Alison Munti Riley Pitjantjatjara, b. 1975

Alison Munti Riley was born c 1975 and is a leading mid generation artist of the APY Lands. She grew up at Pukatja (Ernabella) , and lived there until 1990 when her family moved to Amata, another community in the APY Lands. She learned to paint and make batik at school at Ernabella and then with Ernabella Arts and continued her artistic career from the mid 2000s at Tjala Arts while living at Amata.

 

Her work developed in fluency and vitality as she developed her already well honed artistic skills while working with Tjala Arts and became noted for its glowing colours and impressive design, quickly becoming highly sought after when shown in leading galleries around Australia. Around 2013 she returned to her birth place of Ernabella where she continues to paint with Ernabella Arts.

 

Established in 1948, Ernabella is the oldest art centre in Australia and is well known for representing thework of painters, ceramicists, weavers and batik makers of top quality.

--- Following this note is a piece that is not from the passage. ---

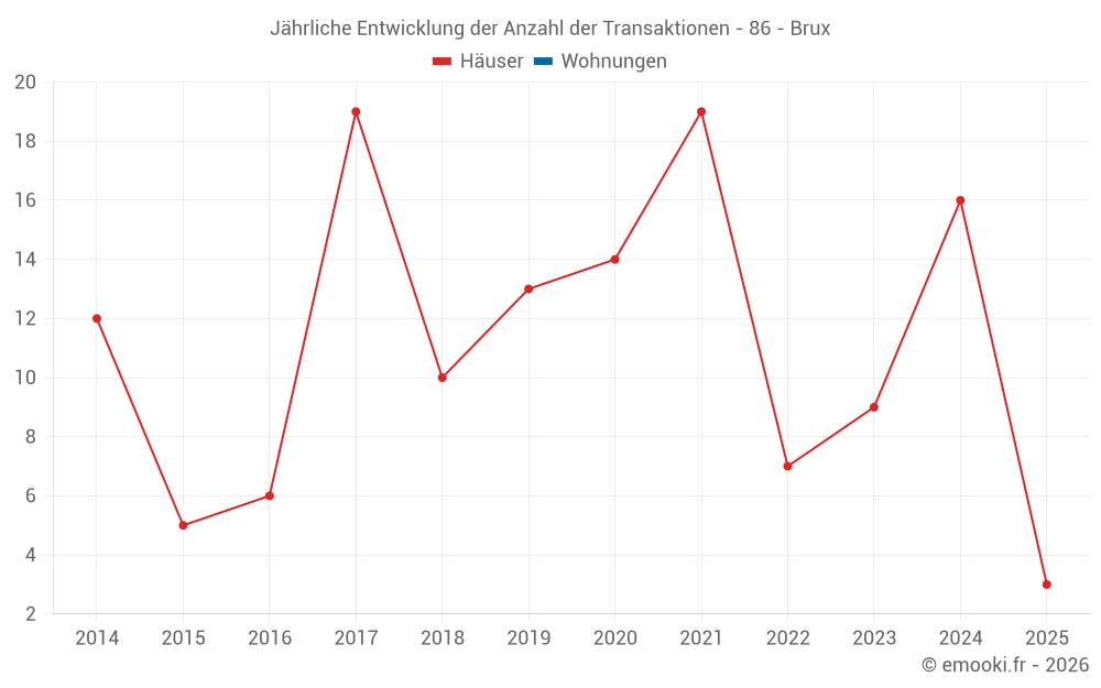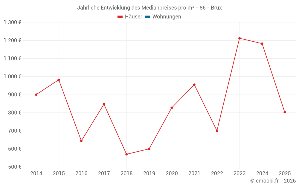Der Durchschnittspreis auf den 25 Hausgeschäften der letzten 24 Monate in der Gemeinde Brux betrug 1 141 € pro Quadratmeter für einen mittleren Immobilienwert von 105 000 €. Über diesen Zeitraum hinweg lagen 60% der Transaktionen zwischen 683 und 1 470 € pro Quadratmeter (vom 2. bis zum 8. Dezil).

For the last several years Alison has chosen as her subject matter for many of her paintings, the country that she remembers so well as a child in its 'olden days’ - the lush state it was in before the invasion of therenowned buffle grass which has spread throughout much of Australia’s interior, overtaking native grasses and leading to the vast reduction in native fauna and other flora as the result. Occasionally she will include subtle depictions of animals such as the perentie lizard (one of the main dreaming stories of her Pitjantjatjara people) in her work to reinforce the interconnectedness of creation stories, their lands, the plants and the wildlife. As such, her paintings of this subject form a gentle environmental commentary while simultaneously representing an inherent dreaming stories.

 

Combined with the fine aesthetic for which her work is noted, this narrative gives her work a unique resonance and depth. In 2012 Alison was a finalist in the leading Aboriginal art award, the National Aboriginal and Torres Strait Islander Art Award and she won the People’s Choice award of that award the same year.

 

Her work has been included regularly in the annual Desert Mob exhibition of work by art centres in Alice Springs and been singled out for praise by reviewers of that exhibition.

Her work is included in the collections of the Art Gallery of South Australia and Queensland Art Gallery and is in the collections of a number of leading private collectors around Australia.